In the committee meeting of the rules sub-committee attended by only three ANC MPs, and State Law Advisors, Mdakane said if placards are allowed, it was going to happen every time.
“In the last sitting, the EFF had placards in the chamber. If any member of the Parliament comes in there with placards demonstrating right in the chamber, what is the speaker to do. I would have thought the speaker would have called them to order. Members of Parliament are not allowed to picket inside.
“Of course, we allowed them. Generally every time we spoke they just made noise with the papers. If it happened once it is going to happen everytime, if people come to the chamber and are not happy, they come with placards; I think it will be a problem.”
Mdakane said a distinction had to be drawn between creating order and allowing democracy to thrive.
“We must also strike a balance that we don’t go to order and control at the expense of democracy. But also we don’t go to democracy, at the expense of order and control. We must strike this balance. A member of Parliament should not make it difficult for us to protest if he is protesting. Must not undermine our own rights as MPs to be heard, but at the same time the MP who wants to raise a point must also be protected. The balance is important.”
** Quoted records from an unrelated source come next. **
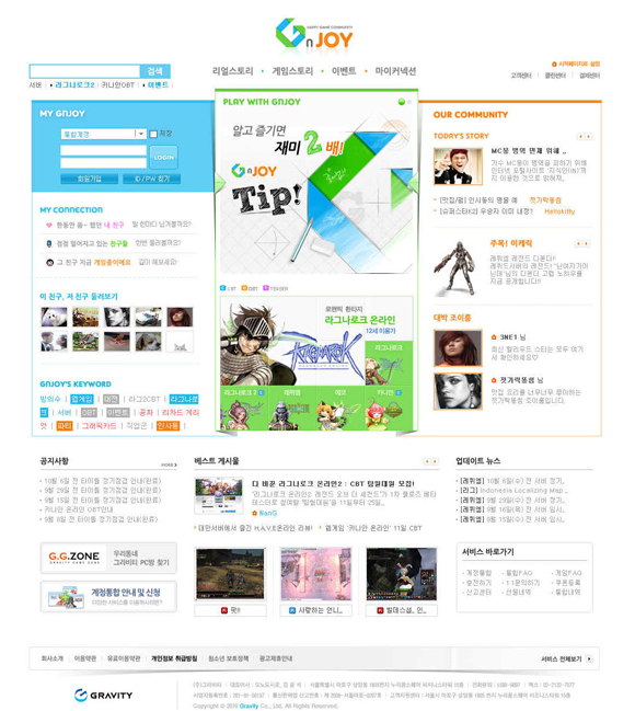 ‘지엔조이’는 그라비티가 서비스하는 게임들을 통합 아이디로 편리하게 이용하고, 게임 유저에 특성화된 커뮤니티 서비스를 즐길 수 있다. 자신을 표현하고 게임 친구들과 교류할 수 있는 공간 ‘조이룸’을 비롯해 유저들의 재미있는 이야기를 공유하는 ‘리얼스토리’, 그라비티 게임에 대한 이야기를 나누는 ‘게임스토리’, 친구 찾기 및 친구 관리 서비스를 제공하는 ‘마이커넥션’ 등 다양한 콘텐츠를 제공한다.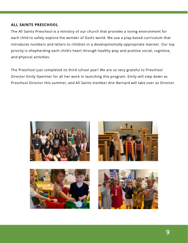 The Preschool just completed its third school year! We are so very grateful to Preschool Director Emily Gaertner for all her work in launching this program. Emily will step down as Preschool Director this summer, and All Saints member Ann Bernard will take over as Director.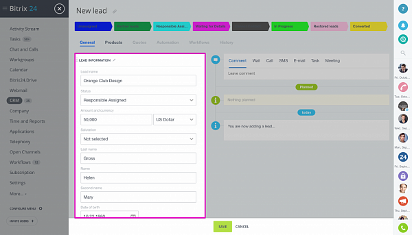 O novo formulário deslizante de registro do CRM finalmente chegou! Ele ainda não foi aplicado ao Bitrix24 (está na fase beta), mas você pode ativá-lo na sua conta em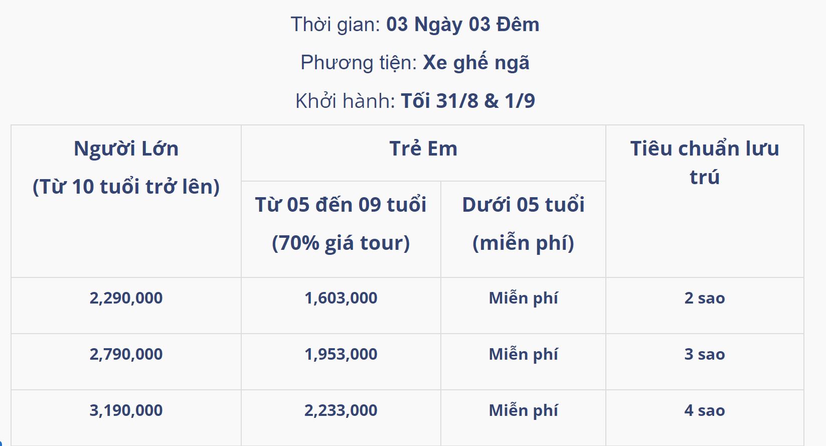| Từ 05 đến 09 tuổi: | 70% | – Tiêu chuẩn: 01 ghế ngồi trên xe, suất ăn, vé tham quan, không có suất ngủ – bé ngủ chung với gia đình.– 02 người lớn chỉ được kèm 1 trẻ em 70% vé, trẻ em thứ 2 trong độ tuổi trên bắt buộc mua 1 vé người lớn. |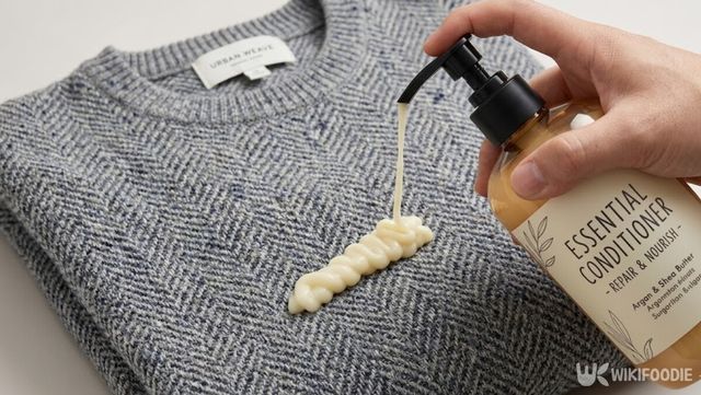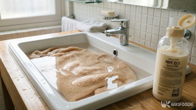 물이 준비되면 헤어 린스를 한 스푼 정도 넣고 완전히 풀어준다. 린스를 너무 많이 사용하면 이후에 냄새가 남거나 섬유 색상이 변할 수 있으므로 소량만 쓰는 것이 좋다.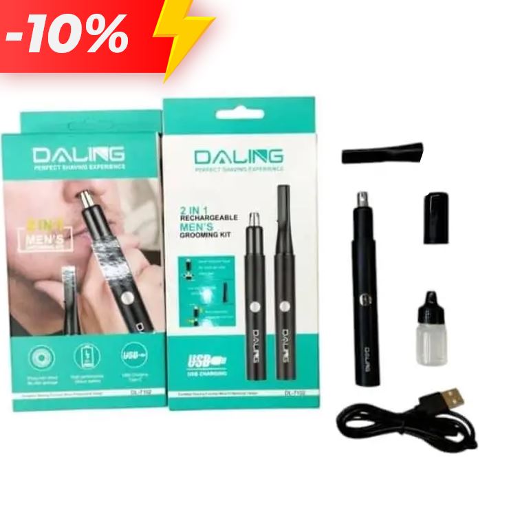 - The DALING DL-7102 2-in-1 Men's Grooming Kit is designed to offer a perfect shaving experience with its blend of functionality and convenience. This grooming kit is an ideal solution for those seeking precision and ease-of-use in their grooming routine. It ensures a sharp trimming effect while being gentle on the skin, so users can maintain their desired look without any discomfort.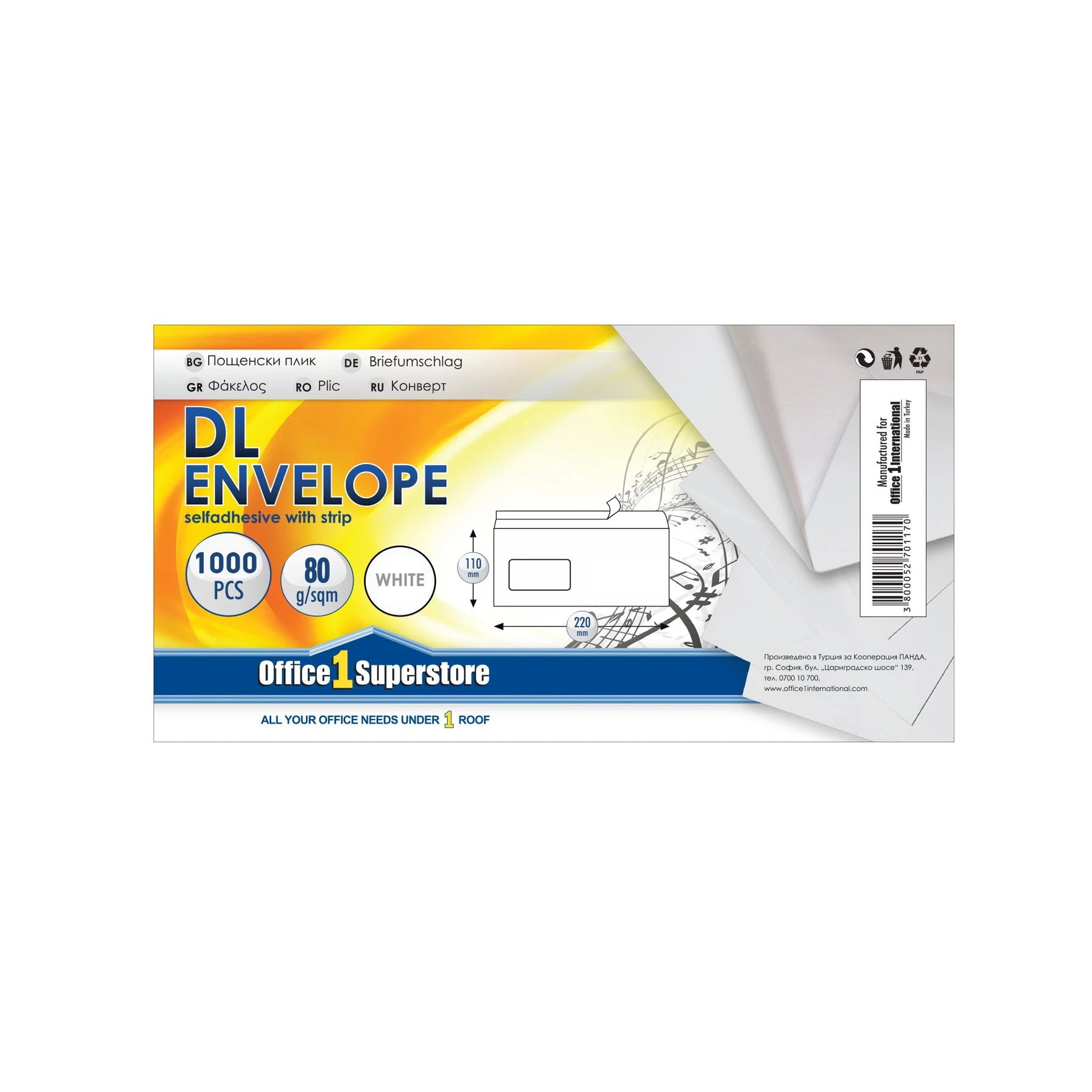 Top Office Плик, DL, 110 x 220 mm, хартиен, с ляво прозорче, със самозалепваща лента, бял, 1000 броя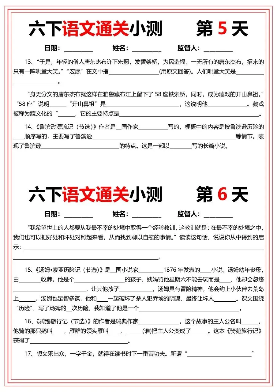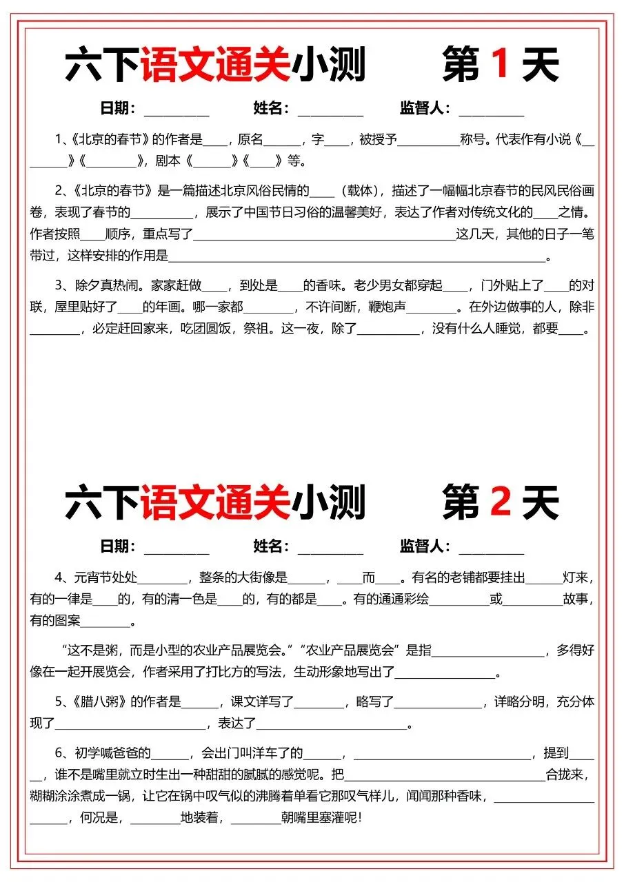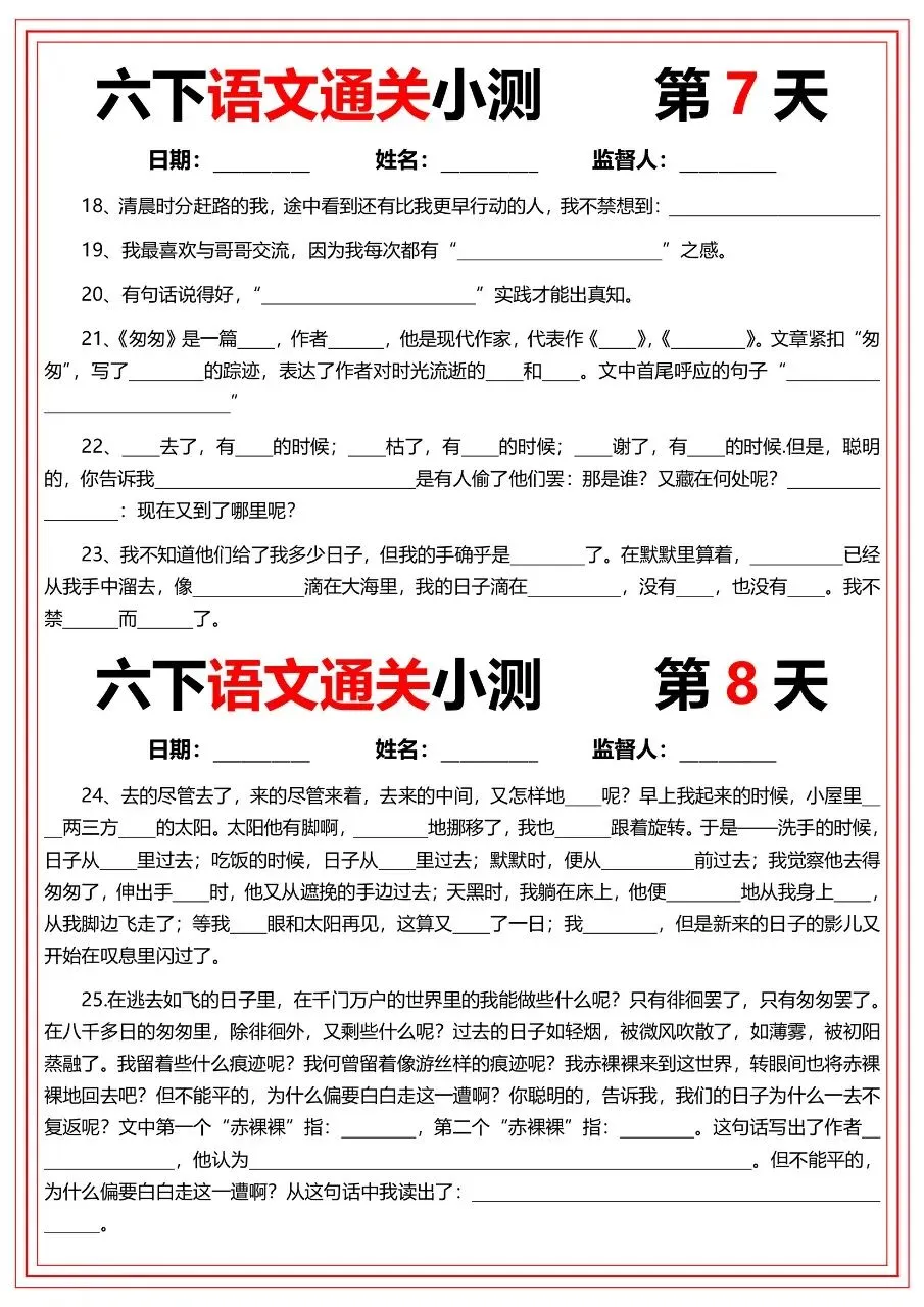 六年级下册语文|通关小测(22天)(可下载打印)

Mdakane said it was important, though, that all parties be part of the rules review process, as members tended to respect something they were part and parcel of creating. The committee also discussed the issue of members not leaving the House when ordered to do so by Speaker Baleka Mbete, and how that undermined her authority.
“If the Speaker cannot be listened to, then the House should be collapsed, completely. Once members come with placards, they will come with any other thing into the chamber and completely undermine the decorum of the house. And then what do we do? Should those members who then don’t have placards also have placards that say “away with placards”? Without order there is no democracy and without democracy, there is no order.”
The rights of the individuals against the rights of collective was also in the spotlight, with ANC MP Julie Killian suggesting the possibility of a threshold on votes of no confidence, as having them tabled constantly cheapened them.
The State Law advisors also suggested that the rules committee look into defining what a point of privilege was and a point of order, as the rules were not clear on it.